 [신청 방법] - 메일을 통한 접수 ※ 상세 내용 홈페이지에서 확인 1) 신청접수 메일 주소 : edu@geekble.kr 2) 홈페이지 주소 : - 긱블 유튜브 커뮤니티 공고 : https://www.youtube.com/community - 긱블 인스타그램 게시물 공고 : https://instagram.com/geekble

+-------+

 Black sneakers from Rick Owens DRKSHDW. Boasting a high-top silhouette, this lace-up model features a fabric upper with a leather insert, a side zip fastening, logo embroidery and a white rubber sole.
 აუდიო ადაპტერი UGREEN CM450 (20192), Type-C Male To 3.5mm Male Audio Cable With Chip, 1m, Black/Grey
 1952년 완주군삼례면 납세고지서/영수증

+-------+

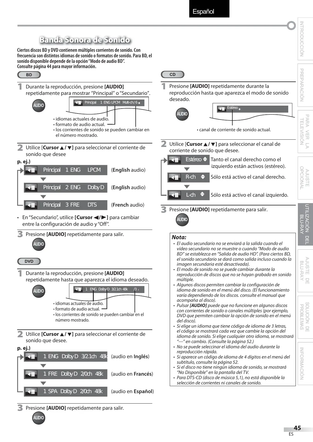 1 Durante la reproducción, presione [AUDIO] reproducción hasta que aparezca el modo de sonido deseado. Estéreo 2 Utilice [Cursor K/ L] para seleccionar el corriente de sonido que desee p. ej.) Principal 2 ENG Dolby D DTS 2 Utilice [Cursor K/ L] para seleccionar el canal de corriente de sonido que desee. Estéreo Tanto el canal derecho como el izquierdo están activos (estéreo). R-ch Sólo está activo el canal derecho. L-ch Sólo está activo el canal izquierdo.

+-------+

Activity: Could you transcribe the entries above word for word, from the line with "აუდიო ადაპტერი UGREEN" down to the line with "1952년 완주군삼례면 납세고지서/영수증", keeping both?

Reply:
 აუდიო ადაპტერი UGREEN CM450 (20192), Type-C Male To 3.5mm Male Audio Cable With Chip, 1m, Black/Grey
 1952년 완주군삼례면 납세고지서/영수증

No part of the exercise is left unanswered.